The data Start Marker

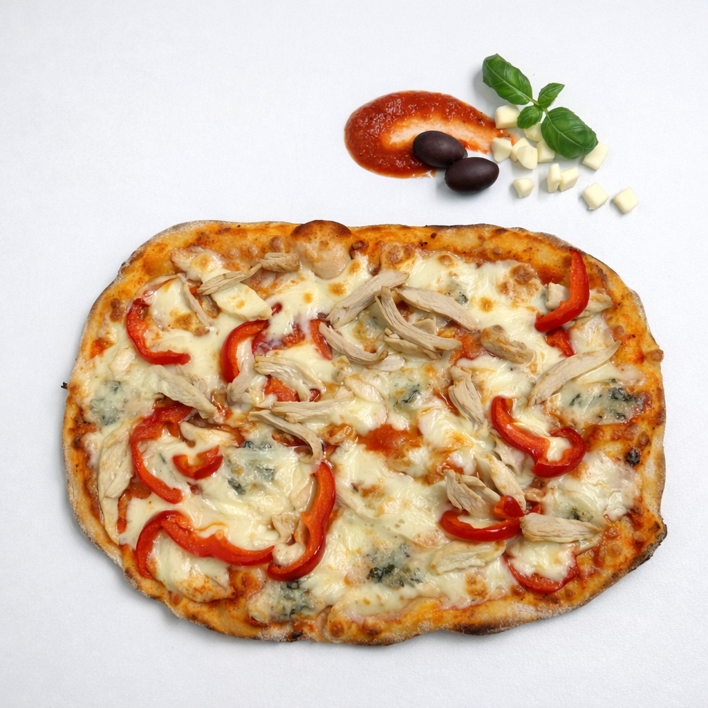 Sos rosii, mozzarella, pui, gorgonzola, ardei rosu
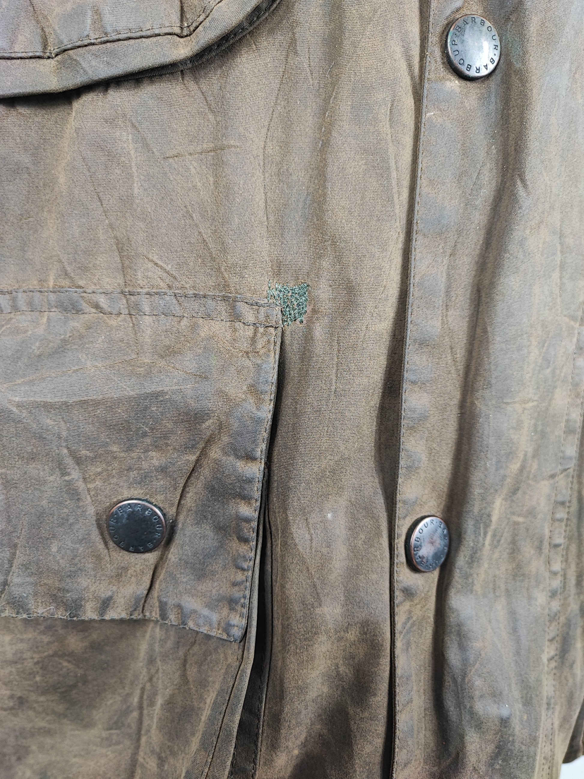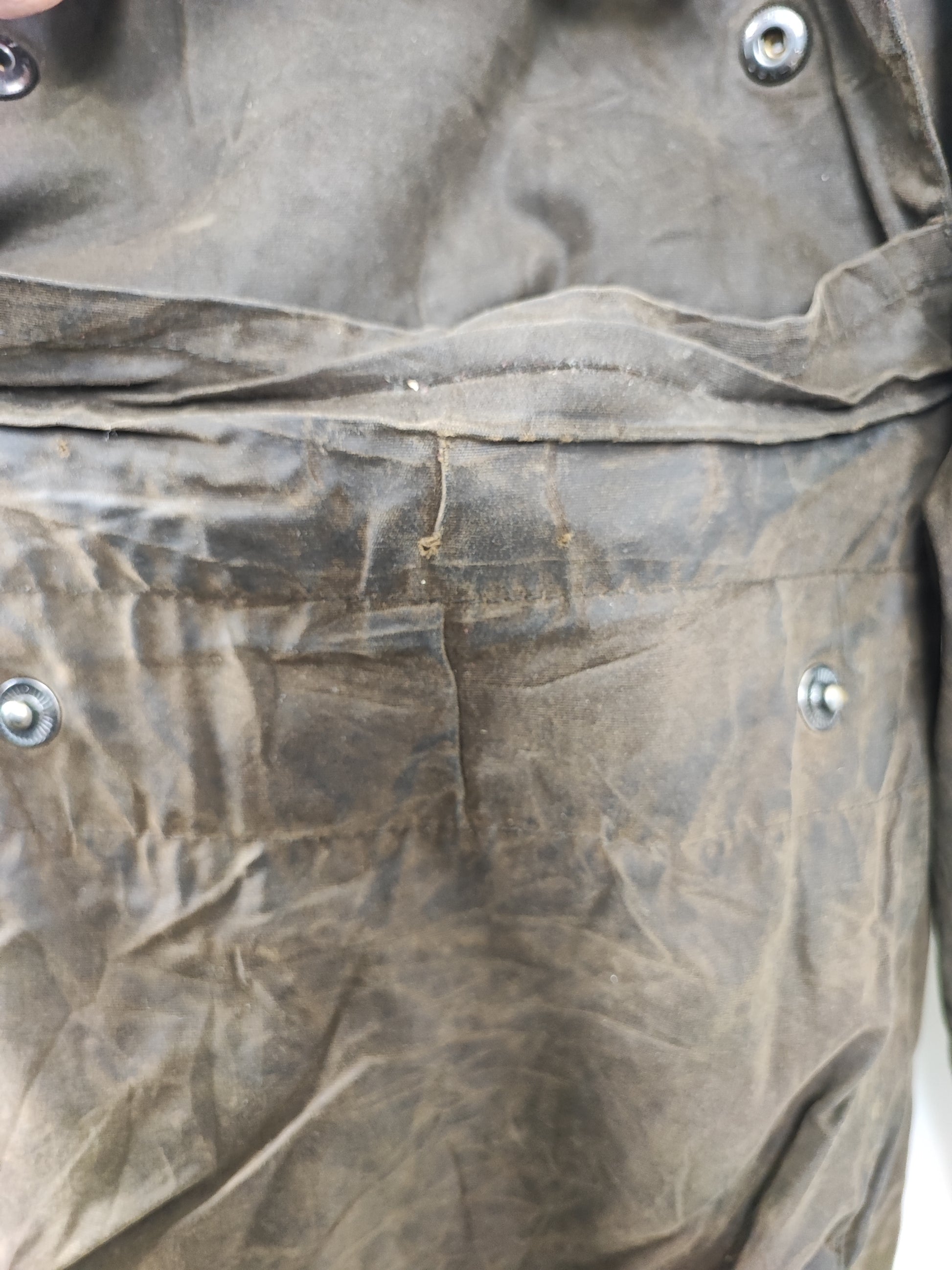 Buone condizioni. Manca la cintura. Lieve usura tasca sinistra, riparazione tasca destra.La giacca è di SECONDA MANO.
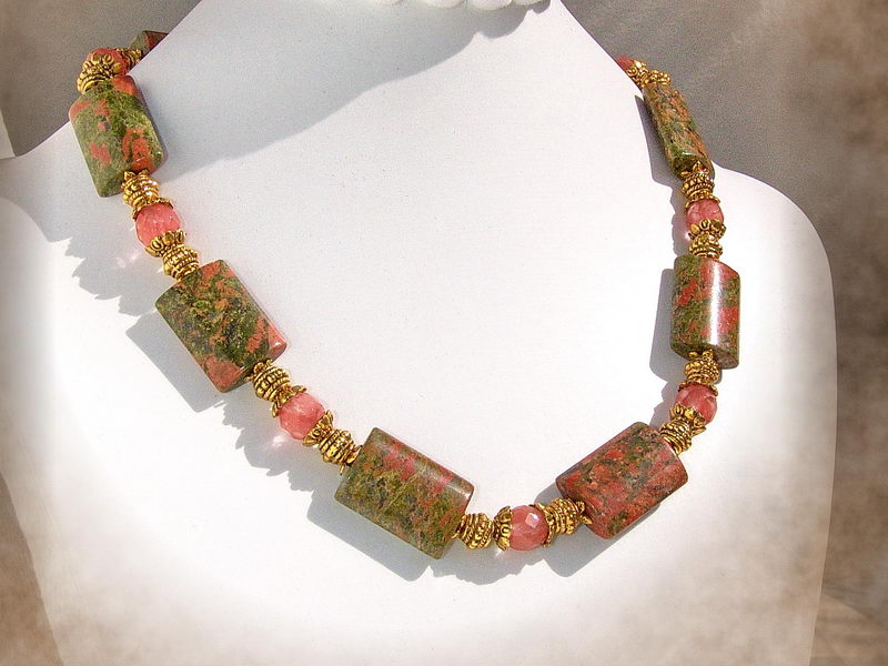 massives Unakitcollier grün lachs
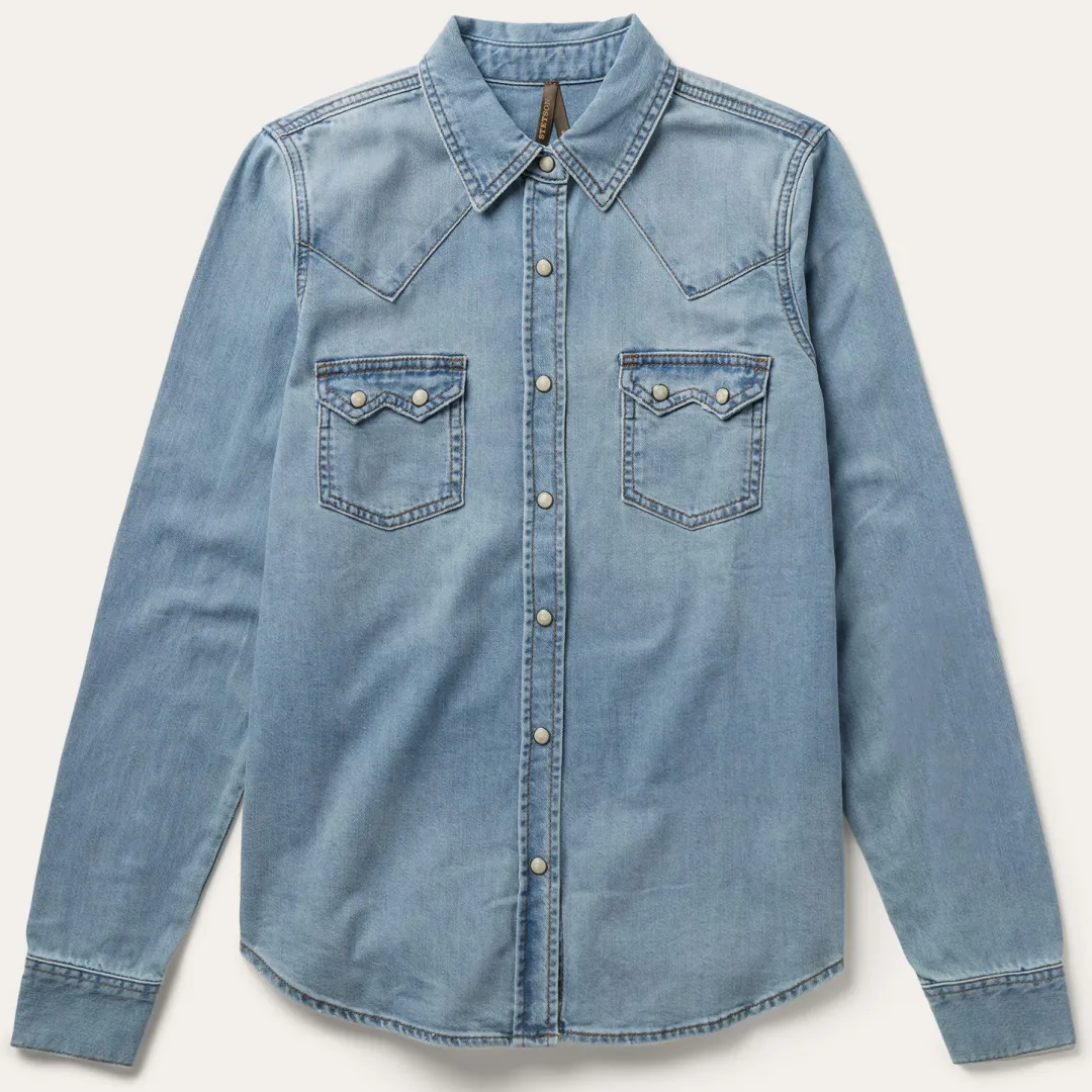 This classic Western-style denim blouse is crafted from 100% cotton and features a loose fit for comfort and freedom of movement. It features two front patch pockets with sawtooth snap closure flaps, deep V single point front yokes and a curved single point back yoke whose seam extends down the sleeves to the cuffs. Additional authentic details include gold contrast top stitching and a shirttail bottom hem.

The data End Marker

## Exercise goal
Make an exact copy of all the material, but keep the pictures out of it.

## Written answer
 Sos rosii, mozzarella, pui, gorgonzola, ardei rosu
 Buone condizioni. Manca la cintura. Lieve usura tasca sinistra, riparazione tasca destra.La giacca è di SECONDA MANO.
 massives Unakitcollier grün lachs
 This classic Western-style denim blouse is crafted from 100% cotton and features a loose fit for comfort and freedom of movement. It features two front patch pockets with sawtooth snap closure flaps, deep V single point front yokes and a curved single point back yoke whose seam extends down the sleeves to the cuffs. Additional authentic details include gold contrast top stitching and a shirttail bottom hem.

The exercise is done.